Another recent Second Circuit fair use decision that concentrates attention on end uses enabled by an information service is provided by 2015’s Authors Guild v. Google, Inc., in the discussion of how potential search and text mining applications help to justify concluding that the service itself constitutes fair use, at 804 F.3d 202, 217:

As with HathiTrust . . . the purpose of Google’s copying of the original copyrighted books is to make available significant information about those books, permitting a searcher to identify those that contain a word or term of interest, as well as those that do not include reference to it. .  .  .  We have no doubt that the purpose of this copying is the sort of transformative purpose described in Campbell as strongly favoring satisfaction of the first factor.

Although the TVEyes opinion cites the Google decision in passing, it overlooks this important demonstration how contemporary fair use analysis looks to ends as well as means.

It’s ironic that Judge Jacob’s own 1994 dissent in American Geophysical Union v. Texaco, actually pioneered the approach to fair use analysis that the TVEyes majority abjures. There, he examined the motives and practices of employed scientists, typified by company scientist Donald H. Chickering II, whose work benefitted from the company’s photocopying policies:

Often, a researcher needs to know what others have thought and done in order to steer clear of repetition and dead ends, to evaluate theories and hypotheses for possible theoretical development or commercial application, to give credit to others, and much else. None of this requires a scientist to enter a laboratory. In any event, to describe Dr. Chickering’s file as “archival,” as the majority does, is a misnomer: an archive is ordinarily a bulk of documents accumulated by a bureaucratic process and serving as a resource for public or institutional reference. By contrast, Dr. Chickering’s personal file contains articles available for reference to assist the memory, curiosity and ongoing inquiries of a single researcher. As such, it is part of a transformative process of scientific research that has a long history.

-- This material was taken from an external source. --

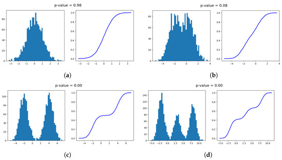 Figure 1 illustrates examples of unimodal and multimodal datasets in terms of pdf plots (histograms) and ecdf plots. The p-values provided by the dip-test are also presented above each subfigure. In Figure 1a a unimodal dataset generated by a Gaussian distribution is illustrated along with the corresponding p-value . p-values close to 1 indicate unimodality and this is also evident in that case. In contrast, Figure 1b presents a dataset generated by two close Gaussian distributions which does not clearly constitute a unimodal or multimodal dataset. This uncertainty is indicated by the computed p-value of 0.08, which is closer to 0. In this case, the significance level defined by the user plays a crucial role in determining unimodality. For example, if the significance level is set to , then a p-value less than leads to the dataset being determined multimodal. However, with significance levels of or , the dataset would be considered unimodal. In Figure 1c,d two strongly multimodal datasets are shown, with two and three peaks, respectively. The p-value is 0 in both datasets, and the test decides multimodality regardless of the significance level chosen by the user.
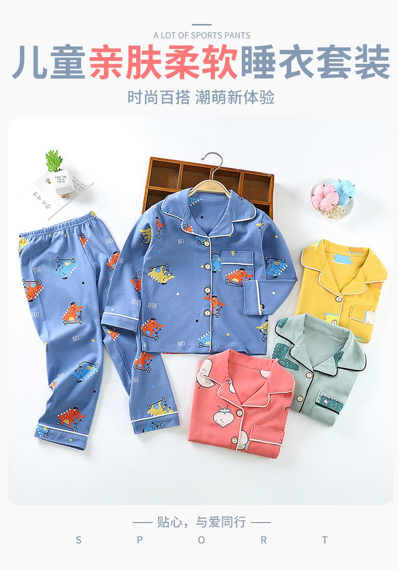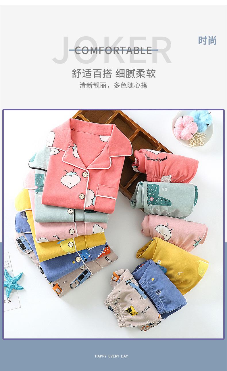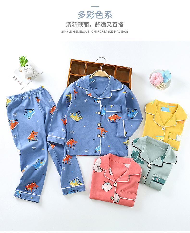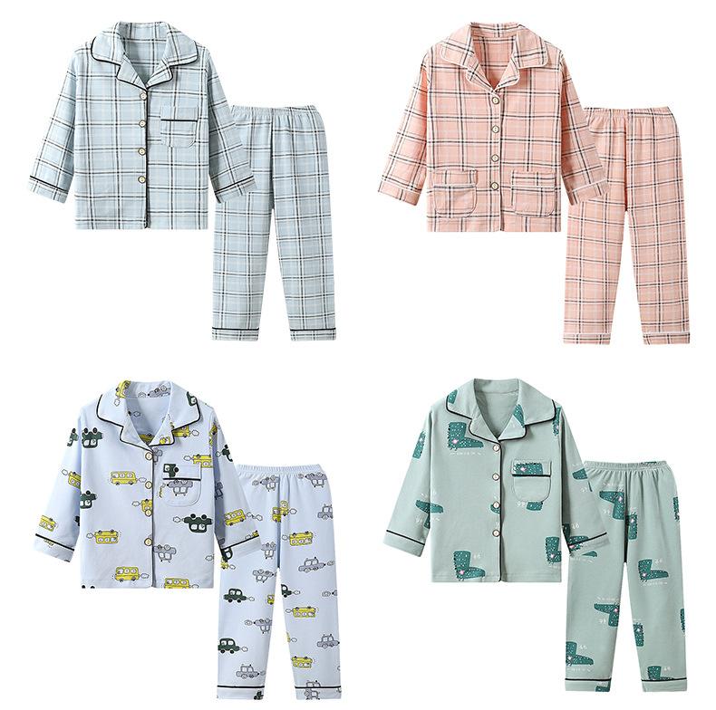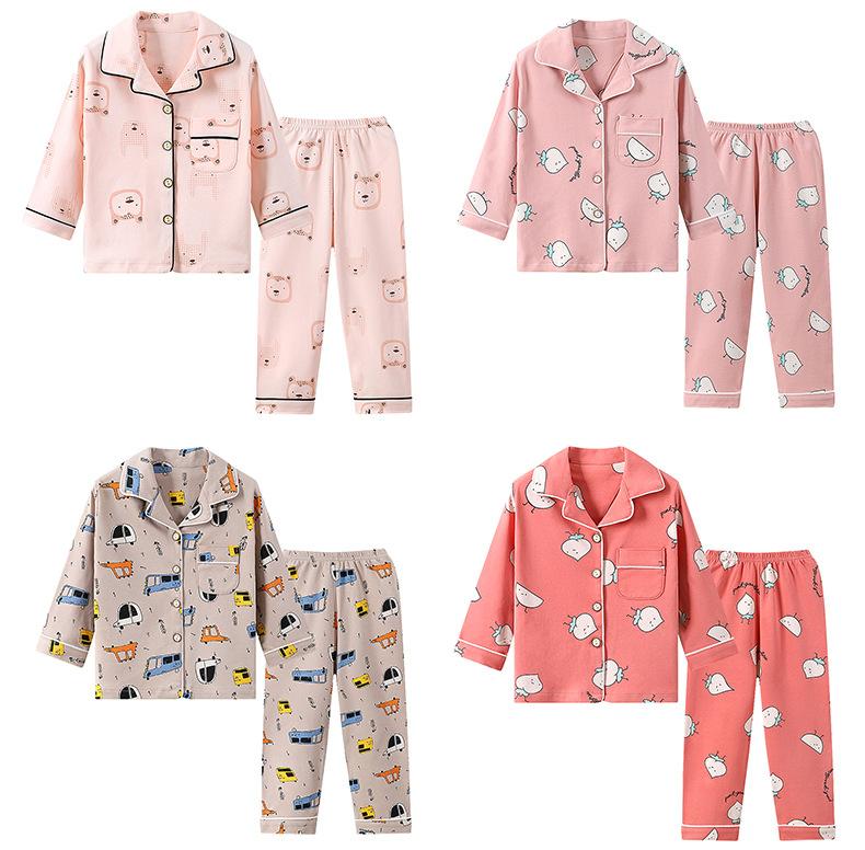 Ropa de Casa de Algodón Puro para Niños para Primavera y Otoño, Pijama con Solapa para Niñas y Conjunto de Pijama, Conjunto de Dos Piezas Folio para Niños

60 F.3d 913, 133 (2d Cir.)  Twenty-four years later, copyright jurisprudence has embraced this forward-looking approach to fair use analysis, while general adoption of the TVEyes approach would represent a return to the discredited past.

Petition for Rehearing

On March 16, TVEyes filed a petition for rehearing en banc with the Second Circuit, stating (at p. 2) that the “holding conflicts with prior decisions rejecting the notion that market harm may be presumed from a copyright defendant’s commercial success. It also conflicts with prior decisions holding that a copyright holder may not preempt the exploitation of a transformative market that it is not reasonably likely to enter.”  This seems like the right remedy where such a high-profile “misleading case” is concerned.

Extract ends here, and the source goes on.